[Recorded data]:
-- -- --

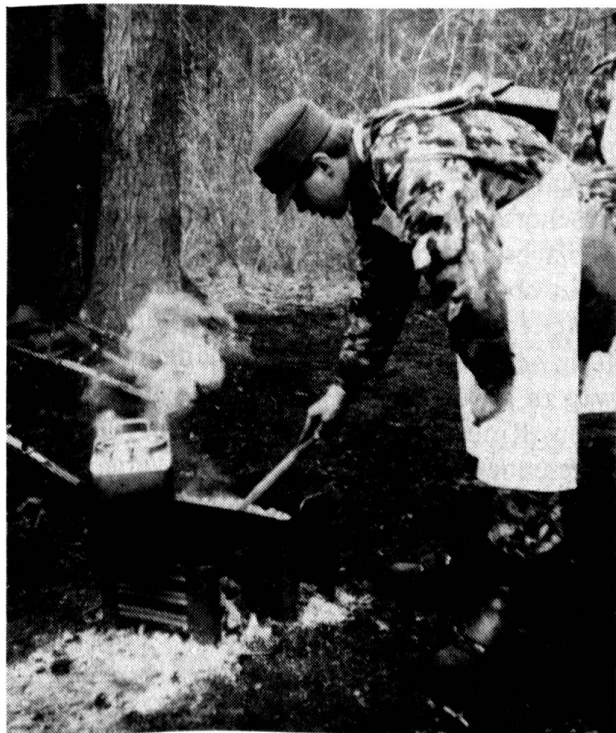
Verpflegungszubereitung im Gelände

Auch diesem Bereich wird in der Küchenchefschule grosse Aufmerksamkeit geschenkt. So fördert man das Preisbewusstsein des Küchenchefs. Bekanntlich ist der Fourier – gemäss unseren militärischen Reglementen – für den Einkauf verantwortlich; er ist für die Preiskalkulation zuständig. Nun, wenn der Küchenchef nicht mitdenkt und das Preis-Leistungs-Verhältnis nicht mittragen hilft, nützt die beste Planung des Fouriers nichts. Der angehende Küchenchef wird dahin geführt, dass er (wieder) lernt, welche Produkte zu welcher Jahreszeit günstig und der Tradition entsprechend erhältlich sind.
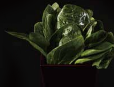
菠菜 Spinach ほうれん草 RMB 18元
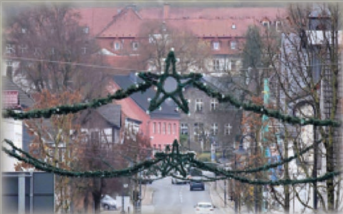
Die Weihnachtsbeleuchtung war in die Jahre gekommen und musste erneuert werden.
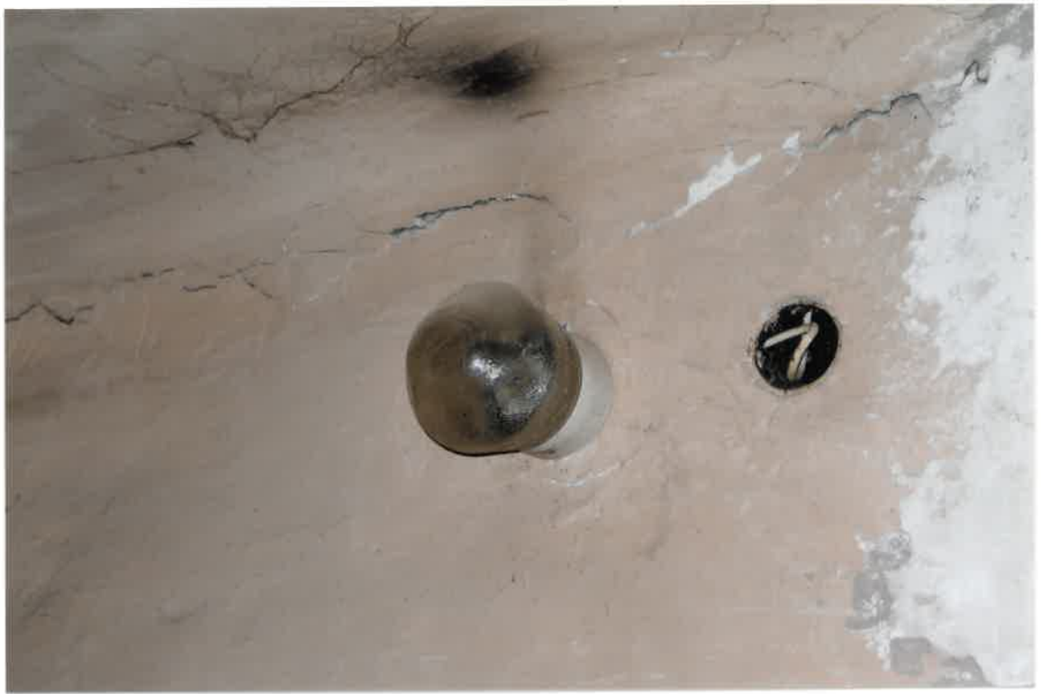
Fot. Nr 25. Pęknięcia ścian pod stropem na klatce schodowej.
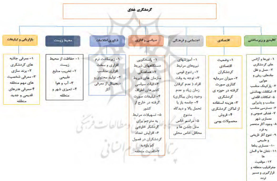
شکل (۱): شاخص های گردشگری خلاق

یکی از اشکال گردشگری که در دهه‌های ۱۹۸۰ تا ۱۹۹۰ مطرح شده است، گردشگری خلاق است که به طور مؤثری جامعه را در جهت نیل به توسعه، پیش می‌برد. به نظر می‌رسد که خلاقیت به اکسیری برای طیف گسترده‌ای از مشکلات، تبدیل شده است. توسعه شهرهای خلاق، صنایع خلاق و... می‌تواند در خدمت جذب طبقه خلاق (Florida, 2002) باشد و به طور امیدوار کننده‌ای، اقتصاد را نجات داده، جوامع را به هم پیوند دهد و فرهنگ محلی را احیا کند. به هر حال، یک رویکرد در بسیاری از مطالعات اخیر درباره خلاقیت، در حال ظهور است که در حوزه گردشگری نیز وجود دارد. رشد سریع انتقاد بنیادی استراتژی‌های توسعه اخلاق، توسعه گردشگری فرهنگی را انعکاس داده است. در حقیقت، گردشگری خلاق، اغلب به عنوان یک شکل گسترده از گردشگری فرهنگی دیده می‌شود. عوامل متعددی بر گردشگری خلاق موثر می‌باشند که در شکل (۱) نشان داده شده است.
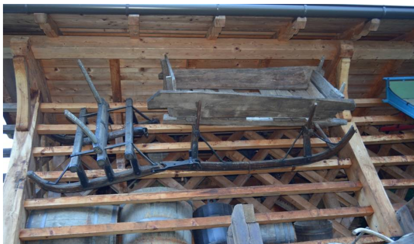
Slika 12 Sani

Ko še niso poznali avtov in drugih prevoznih sredstev, so pozimi uporabljali sani. Tako so prihajale iz enega konca do drugega in tako so tudi prevažali drva. Po navadi so bili vpreženi konji.
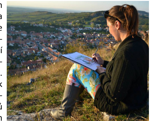
Studentka na plenéru – Mikulov

oborů základních uměleckých škol. Plánujeme také vyjet na plenér, kam vezmeme rodiče a žáky (děti). Plenér ve výtvarném umění znamená malování krajiny. Malování v plenéru zažívalo největší rozkvět v 19. a 20. století. Rozvinuli je jak realističtí, tak impresionističtí krajináři (z českých malířů například Julius Mařák a Antonín Slavíček). My se vydáme po jejich stopách krajinou, kde budeme malovat akvarel či olejomalbu, dle volby techniky autora.
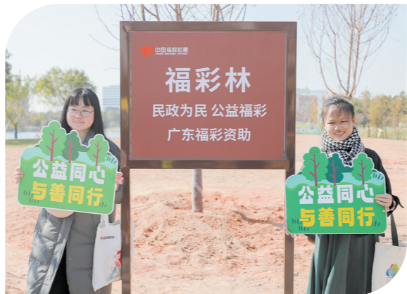
活动现场参与者纷纷在福彩林打卡留念

参与植树的福彩工作人员表示，参加“福彩林”植树活动非常有意义，种下一棵树就是种下新的希望，造福后代。“正如我们从事的福彩事业，汇聚万千彩民的力量浇灌公益事业之树，结出惠民利民的暖心果实，为社会造福，为生活添彩。”
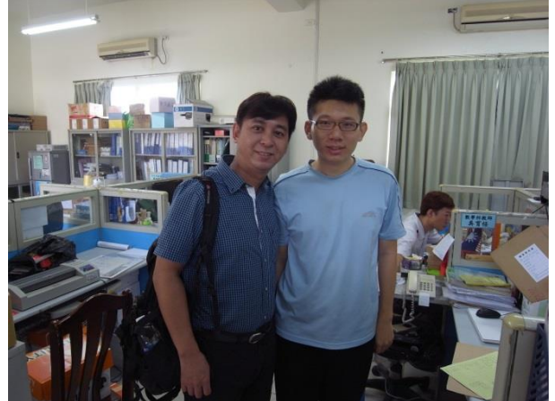
與役男個別訪談後合影
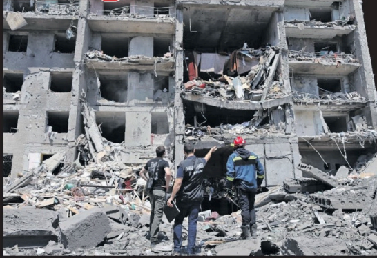
விடுகளும் சேதமடைந்துள்ளன. எனினும், எத்தனைபேர் உயிரிழந்தனர் என்பது தொடர்மான விபரங்களை ரஷ்ய அரசாங்கம் வெளியிடவில்லை.

மேலும், ரஷ்யாவின் பெல்ஹோரோட் நகரத்தின் மீது உக்ரைன் படையினர் நடத்திய தாக்குதலில் 11 தொடர்மாடிகளும் 39 தனி
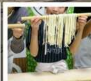
กิจกรรมทำเส้นอุด้ง
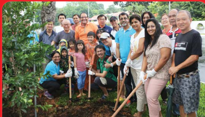
Tree Planting along West Coast Road
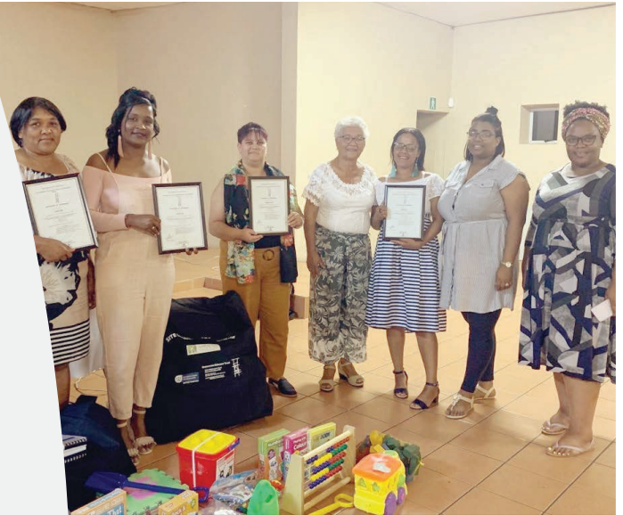
Speelgroep-mentors en afrigters het sertifikate tydens 'n onlangse gemeenskapsvergadering ontvang.

Ons is bly om aan te kondig dat Grassroots sal voortgaan om skoolgereedheid in die gemeenskap te verbeter deur middel van hul vroeëkindertwikkelingsprogramme, mentorskap en opleiding.
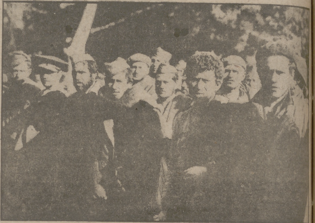
Combatientes españoles son conducidos a Francia e internados en el campo de concentración de El Perthus.

El guardián aquel, que al parecer no debe saber leer, coge la carta con el sobre al revés, le da una vuelta como buscando el sello o membrete del Comité de Coordinación, y no viéndolo nos ordena con la desconfianza retratada en el rostro que nos esperemos unos instantes mientras se pierde en el interior de un pasillo que seguramente da al despacho de Marty. En tanto, el ex boxeador nos contempla con ojos bovinos y una expresión tal de brutalidad que no cabe negar que el hombre tiene el cerebro abotargado por los golpes, y resulta poco menos que un niño en cuanto a capacidad mental. En la cadera derecha, por debajo de la chaqueta se le nota un bulto considerable, lo que quiere decir que va armado en debida forma. Para matar los minutos de espera, Corbinos intenta entrar en conversación con este "guardaespalaldas", al que comienza preguntándole si ha estado en España. Aquella especie de gigante, en principio, mira a Corbinos como no entendiendo la pregunta, y cuando éste se la repite después de un minuto de silencio, empleado en contemplarnos y convenirnos de que no somos espías ni agentes franquistas se levanta la chaqueta y nos muestra una respetable "Parabellum"
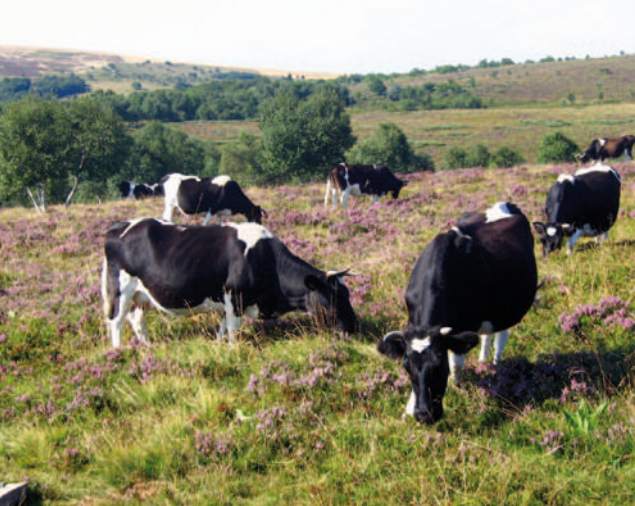
Troupeau de vaches laitières
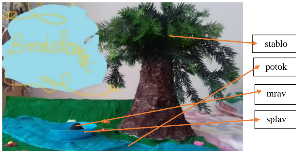
Slika br.1 Primjer metodičkoga artefakta

U odgojno-obrazovnoj praksi metodički je predložak potreban za izvođenje metodičkoga čina. U metodici hrvatskoga jezika, to je primjerice pjesma koju odgojitelj predstavlja djeci te s pomoću nje utječe na dječji razvoj (kognitivni, motorički, govorni, socioemocionalni razvoj). Za razumijevanje pojma metodičkoga čina prikazat ćemo primjer interpretacije pjesme Stanislava Feminića, Brodolomac . Poezija se interpretira u obliku igrokaza, uz pomoć izrađenoga metodičkog artefakta.
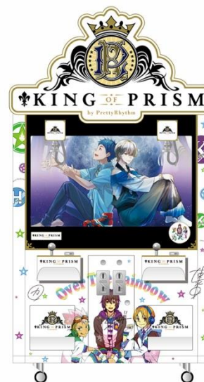
[クレーンゲーム機装飾イメージ]

「キンプリ」の世界観で装飾されたクレーンゲーム機を設置し、アミューズメント施設で展開したプライズ商品を配置予定。
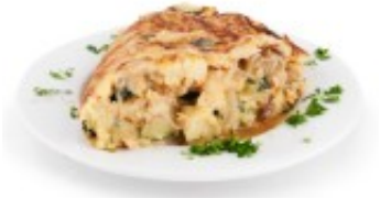
Tortilla de espinacas con cebolla y champiñones
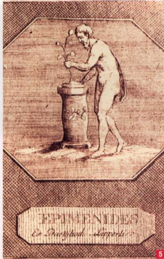
5. Ο Κρητικός μάντης και ιερέας του Δία, Επιμενίδης, σε αναγεννησιακή χαλκογραφία

Αν υπήρχαν μόνον αυτά τα χρυσά ελάσματα, τα προβλήματα ερμηνείας τους δεν θα ήταν ιδιαίτερα περιπλοκά. Υπάρχουν τουλάχιστον δύο επί πλέον
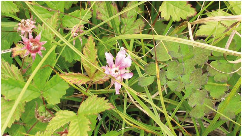
Rubus arcticus L. – Княженика арктическая
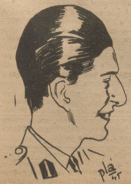
Rey Pedro de Yugoslavia.
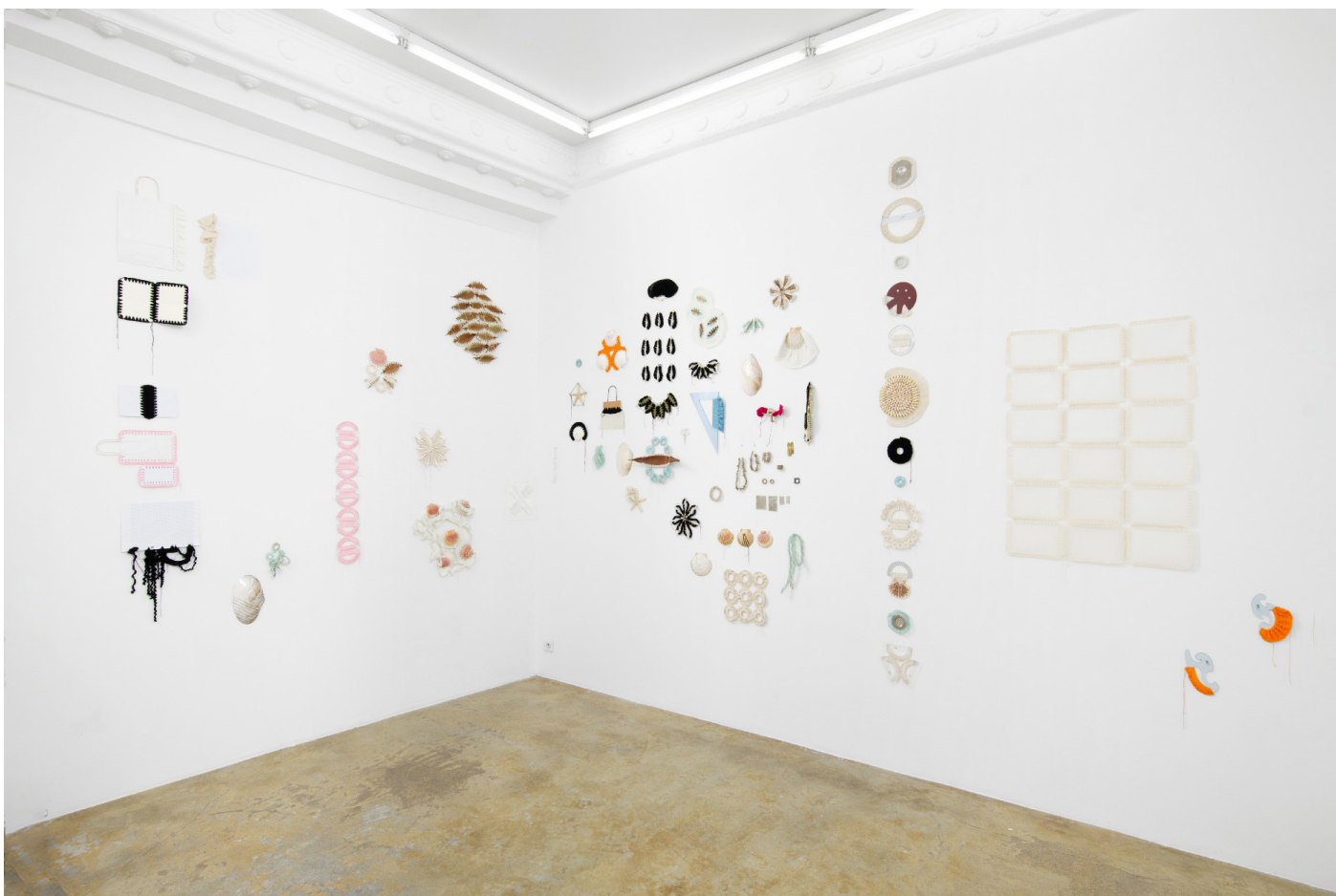
Vue de l'exposition Déborder de ses bords , Silvana Mc Nulty, Galerie Florence Loewy, Paris

du 9 septembre au 11 novembre 2023 Exposition personnelle de Silvana Mc Nulty. Assistée par Lucy Gloria Da Silva. Réalisée avec le soutien aux galeries / exposition du Centre national des arts plastiques.
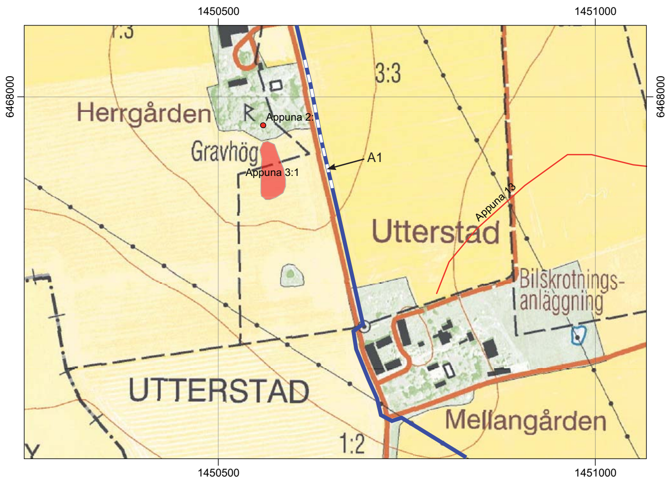
Figur 5. Område 2. Ledningsdragningen (blått) med schakten (rött) passerar på andra sidan vägen från fornlämningarna RAÄ 2 och 3 i Appuna socken. Utdrag ur den digitala fastighetskartan. Skala 1:5 000.
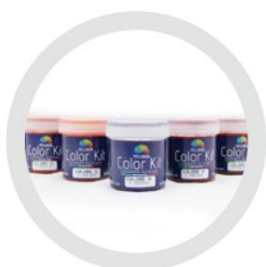
Kit de culori
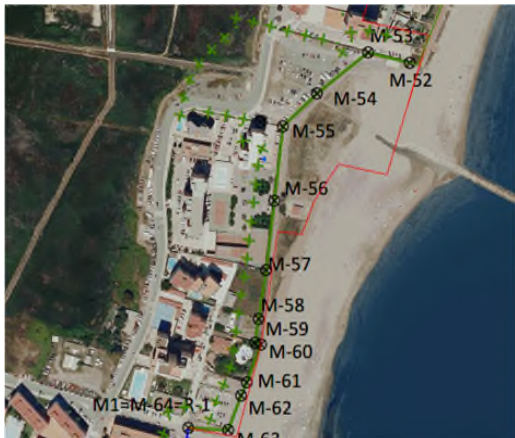
Figura 4.- Propuesta de deslinde tras el estudio de las alegaciones.

De acuerdo con el artículo 23.1 de la Ley 22/1988, de 28 de julio, de Costas “la servidumbre de protección recaerá sobre una zona de 100 metros medida tierra adentro desde el límite interior de la ribera de mar”. Y en la Disposición Transitoria Tercera en su punto 3 especifica que “los terrenos calificados como suelo urbano a la entrada en vigor de la presente Ley estarán sujetos a las servidumbres establecidas en ella, con la salvedad de que la anchura de la servidumbre de protección será de 20 metros.”
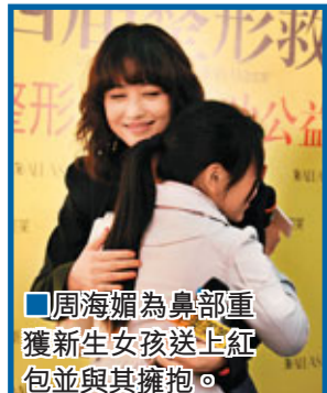
周海媚為鼻部重獲新生女孩送上紅包並與其擁抱。

在談及多年來美容的經驗時，周海媚認為最重要的是「心情好」：「我平時沒有用什麼特別的保養品，有時會運動一下，比如做瑜伽。我覺得保持美麗心情好重要。」周海媚亦表示，之前在拍《楊門女將》時受的傷傷很快恢復。「今年拍戲的日程差不多安排到了年底，將會接拍一部電影和一部電視劇。」她還坦言，由於比較忙，「今年將不會結婚。」
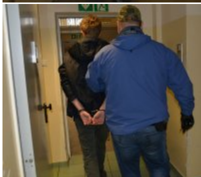
policjanci prowadzą zatrzymanego
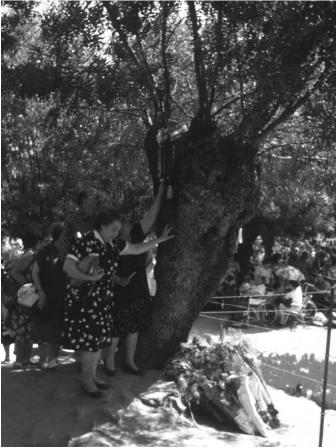
Pradonuevo en julio de 1990: fieles ante el fresno de la aparición mariana.

te de la Fundación Pía. “Ellos creen que están salvando al mundo, pero sólo les utilizan como fuente de financiación y mano de obra gratuita. Son ellos los que cuidan a los ancianos en las residencias que tienen. Les tratan como a esclavos”, afirmaba Bueno a El País el pasado 7 de julio. Ellos esperan conseguir más casos y demostrar en los juzgados estas prácticas.
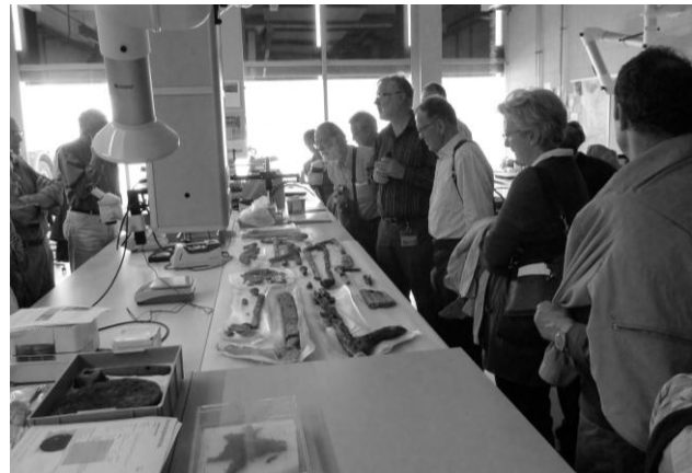
Einblick in ein Labor

Aus neuerer Zeit befinden sich in der Sammlung Gegenstände, die wir alle noch bestens kennen. Wer erinnert sich nicht an die Leuchtreklame der EPA oder der Swissair?
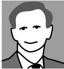
Vorname Nachname Beruf, Alter Aufgabenbereich

Lorem ipsum Blindtext Kurzvorstellung ligula eget dolor. Aenean masa. Cum sociis antique pena-tibus et magnis dis par-turient montes, nascetur ridi-culus mus. Donec quam felis, ultricies nec, pretium quis.
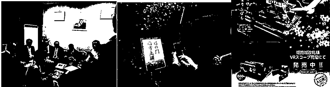
入場時に購入できる姫路城 VR スコープ (写真右)

VRを活用した姫路城の新たな演出とは、姫路城の空撮映像を使って、上空から俯瞰しているかのような疑似体験ができ、スマートフォンやタブレットに表示されるアプリの専用コンテンツを紙製ヘッドマウントディスプレイのレンズ越しに視聴することで、リアリティのある立体映像を体験することができる。

-- -- --

[What the task requires]:
Everything above from the line containing "Figura 4.- Propuesta" through the line containing "Pradonuevo en julio" must be repeated exactly, and the pictures must be left out.

[Solution for this exercise]:
Figura 4.- Propuesta de deslinde tras el estudio de las alegaciones.

De acuerdo con el artículo 23.1 de la Ley 22/1988, de 28 de julio, de Costas “la servidumbre de protección recaerá sobre una zona de 100 metros medida tierra adentro desde el límite interior de la ribera de mar”. Y en la Disposición Transitoria Tercera en su punto 3 especifica que “los terrenos calificados como suelo urbano a la entrada en vigor de la presente Ley estarán sujetos a las servidumbres establecidas en ella, con la salvedad de que la anchura de la servidumbre de protección será de 20 metros.”
周海媚為鼻部重獲新生女孩送上紅包並與其擁抱。

在談及多年來美容的經驗時，周海媚認為最重要的是「心情好」：「我平時沒有用什麼特別的保養品，有時會運動一下，比如做瑜伽。我覺得保持美麗心情好重要。」周海媚亦表示，之前在拍《楊門女將》時受的傷傷很快恢復。「今年拍戲的日程差不多安排到了年底，將會接拍一部電影和一部電視劇。」她還坦言，由於比較忙，「今年將不會結婚。」
policjanci prowadzą zatrzymanego
Pradonuevo en julio de 1990: fieles ante el fresno de la aparición mariana.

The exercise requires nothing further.